In 2018, with a bachelor's degree in organizational communication and a master's in Performing Arts, she began a doctoral thesis in anthropology on the male recovery of women's dances from southern Cameroon in the process of patrimonialization.

In 2019, she joins the team behind Reine Dibussi's children's and science-fiction comic "Mulatako", about difference, feminism and self-confidence. She writes the script for volumes 2 (Afiri éditions 2021), 3 and 4 of the series (scheduled for 2024 and 2025).

In 2020, together with Reine Dibussi, she co-founded AFIRI Studio, a publishing house and graphic studio based in France, specializing in African and Afrodescendant-inspired illustrated content.

In 2021, she joins the co-founding team of the Coordination féministe Camerounaise, a coalition of associations aiming to strengthen the Cameroonian feminist movement.

In June 2023, she co-founded the collectif féministe 1931, is a working group focused on the transmission of African feminist knowledge and whose mission is to contribute to the social and political revolution necessary for the advent of a more just, equitable and egalitarian society in Cameroon and on the African continent.

  

Selected Publications

  • To be published in 2024, "Récupération masculine des danses de femmes Fang-Beti-Bulu du Sud Cameroun : cas du Mengan", in Flore Mireille Aretouyap, Danser au féminin en Afrique : etait des lieux, défis et perspectives, Présence Africaine, Paris

  • 2021, Bahanag C., Dibussi R., Mulatako Tome 2 Emersion, AFIRI Editions, Paris 2018, Le langage des danses traditonnelles camerouanises en situation de spectacle vivant : cas des danses Mengan, Ozila et Adouyaye, Master II thesis in Performing Arts and Cinematography option theatrical production, Dir. Emelda Ngufor Samba, University of Yaoundé I, Yaoundé.

  • 2020, "Analyse des danses de femmes du Sud-Cameroun à travers le paramètre genre : rapports, dynamiques et tensions", Journées Doctorales d'Ethnomusicologies, 10th international meeting of doctoral students in ethnomusicology.
Carine Bahanag



Project Description

ANLU is a 120-150-page French-language graphic novel project, inspired by Rose Ndengue's research into the political activism of Cameroonian women during the period of decolonization. The full project team is made up of four black, African and Afrodescendant women: Rose Ndengue, Carine Bahanag, Reine Dibussi and Malvina Barra aka Edzin.

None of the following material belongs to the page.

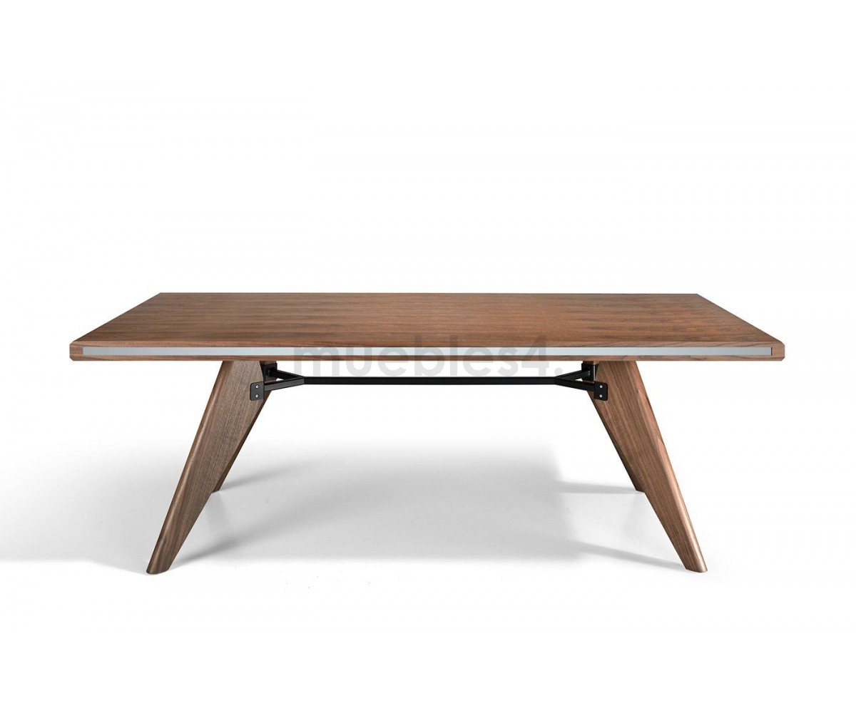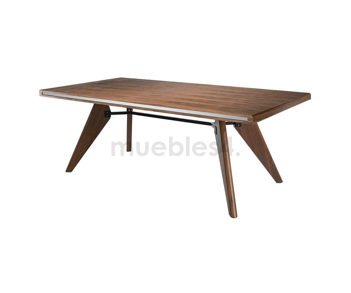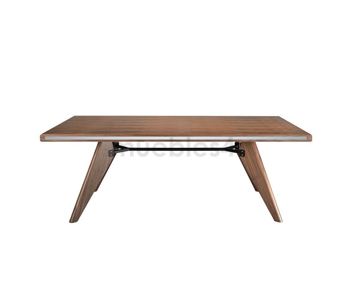 Mesa de comedor rectangular inspirada en un diseño de Jean Prouvé. Expresión del diseño revolucionario del siglo XX, combina experiencia e innovación con la creatividad del diseñador internacional. Gracias a sus líneas simples se puede considerar una mesa que se puede utilizar para crear diferentes estilos de muebles.

During her residency in Bayreuth, Carine Bahanag will produce the script for the graphic novel, teaming up with Rose Ndengue, who will work from Canada, and during a stay in Bayreuth.

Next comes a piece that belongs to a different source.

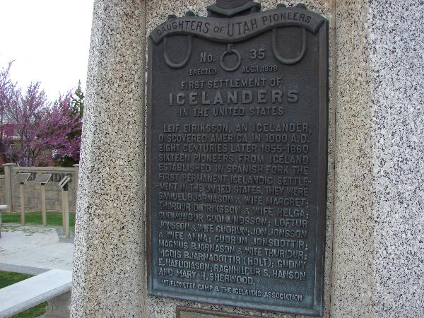 | 35 | First Icelandic Settlement in USA | 400 S 800 E | Spanish Fork | Utah, Utah | Distant Close up | N 40.104680 W 111.640965 |

In a tale of historical fiction, the graphic novel tells the story of Anlu, a young Afropean girl who finds it difficult to live up to her atypical first name and suffers harassment at her high school. During a visit to the Museum of Women's Movements and Black Women, she discovers the political activism of rural Cameroonian women during the era of decolonization. While learning about this little-known part of feminist history, she also became interested in the origin and meaning of her own name: Anlu, a term that defines a type of political mobilization specific to women in the North-West region of Cameroon. Her very existence links her to the long and diverse history of the black feminist struggle. From then on, nothing will be the same.

Set in a desired near-future where the feminist and feminist mobilizations of African and Afrodescendant women are recognized and valued by institutions, the story also aims to transmit the memory of these struggles to the young adults of our time - more specifically to young African women living on the continent and in the diaspora - and to encourage them to research these stories for themselves, to revive the memory of their foremothers and to draw inspiration from them in their struggles today.